Three Stages of Pre-Verbal Development


To make this information easier to follow, prelinguistic skills are grouped into three developmental stages:



Stage 1


Becoming Socially Connected 



Stage 2


Sustained Attention & Engagement


Stage 3


Intentional Communication




STAGE 3

INTENTIONAL COMMUNICATION



In this final stage, children start communicating on purpose - to request, refuse, comment, or get your attention. Below are three skills that help kids move from “pre-verbal” to early words.

Pre-Verbal Skill

Focus

Understands early words & follows simple directions

Receptive language

Uses Sounds, Gestures & Imitation

Expressive language

Initiates and maintains interaction with others

Early conversation skills

Adapted from Laura Mize’s 11 prelinguistic skills (2017)


Understands Early Words and Follows Simple Directions



This pre-verbal skill is all about how children understand what you say. This is called receptive language. Children need to build strong receptive language skills before they can begin to use those words to communicate.

SLP TIPS

How To Help Your Child Follow Directions & Learn New Words

Keep directions short and simple

Say one step at a time: “Get shoes.” Pause. Then: “Now get hat.”

Use routines to teach

Incorporate simple one step directions into your daily routines.

  • “Throw it away.”

  • “Time for bath.”

  • “Shoes on.”

Highlight key words

Repeat a few core words across the day (more, go, stop, up, help, open, all done, etc).


Provide visual cues

Point, show the object, use pictures, or simple AAC visuals when helpful.

Make it playful

During play, model a variety of vocabulary, including action and location words: in, on, under, go, jump, splash, etc.

Repeat, repeat, repeat

Whether in routines, play, or practice, hearing words again and again helps them stick.

Uses Sounds, Gestures & Imitation

From Vocal Play to First Words

Before words, children practice communicating with sounds, gestures, and imitation. This is how they learn: “If I do something, you respond.”

What This Can Look Like

  • Babbling while handing you a toy

  • Making sounds to keep a game going

  • Vocalizing and looking at you for more

SLP TIPS

How to Encourage Vocal Play, Gestures & Imitation


Play with sounds


Use fun noises like animal sounds, “vroom,” “uh-oh,” “pop,” or “mmm. ”Say “uh-oh!” when something drops or “mmm!” during snack.


Imitate your child


If they make a sound or action, copy it. This teaches turn-taking and back-and-forth.


Model gestures with words


Wave and say “hi,” point and say “look,” tap your chest and say “me.” You can also model a few simple baby signs like more, all done, or help.


Use predictable scripts.


Repeat short, familiar phrases during play or daily routines, then pause to let your child fill in the blank.


Examples:

  • “Ready, set… go!”

  • “1, 2… 3!”

  • “1, 2, 3… "wee!” (on a swing or down a slide)

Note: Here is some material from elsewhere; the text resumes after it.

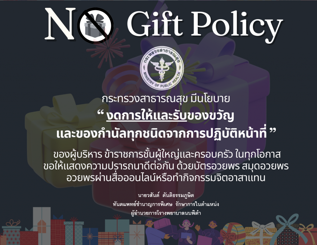 ภาพประชาสัมพันธ์ 19/03/202423/03/2026 NO GIFT POLICY Posted By: IT-Noppitum 0 Comment Facebook iconFacebookLINE iconLine

Celebrate and respond to all attempts


Reaching, pointing, clapping, showing, or babbling all count as communication. Even if your child’s message isn’t clear, treat it as meaningful and respond right away.

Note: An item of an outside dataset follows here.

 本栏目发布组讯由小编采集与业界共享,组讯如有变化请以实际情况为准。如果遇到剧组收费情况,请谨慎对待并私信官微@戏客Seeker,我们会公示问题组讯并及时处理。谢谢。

Interpret Your Child's Messages to Keep the Interaction Going
The Hanen Cenre - More Than Words Program

Initiates Interaction with Others

Helping Children Initiate Interaction with Others.  Example - Child initiating interaction with peers during classroom play.

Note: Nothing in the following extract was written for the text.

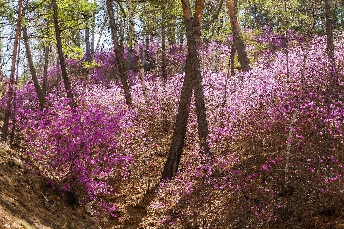 цветение багульника в забайкалье

Initiation means your child starts the interaction, by looking, reaching, moving closer, gesturing, or vocalizing.

Adults are great at anticipating needs, but if we jump in too fast, kids get fewer chances to initiate.

The sweet spot:

  • Don’t jump in immediately (they don’t need to communicate)

  • Don’t wait too long (they get frustrated)

  • Aim to wait until they’re almost communicating—then help and reward.


SLP TIPS

How to Help your Toddler Initiate Interactions

Watch, Wait, and Respond Quickly


Look for small signals (eye gaze, reach). Fast, positive responses reinforce the idea that “when I try to communicate, people listen!”


Create Natural Reasons to Communicate


Set up moments where your child needs to start the interaction—pause a favorite activity, put a toy just out of reach, or give only part of what they need and wait.


Build Pauses Into Routines

Pause during songs, games, or play (“Ready, set…”) and wait for a look, sound, or gesture before continuing. These pauses invite your child to take a turn.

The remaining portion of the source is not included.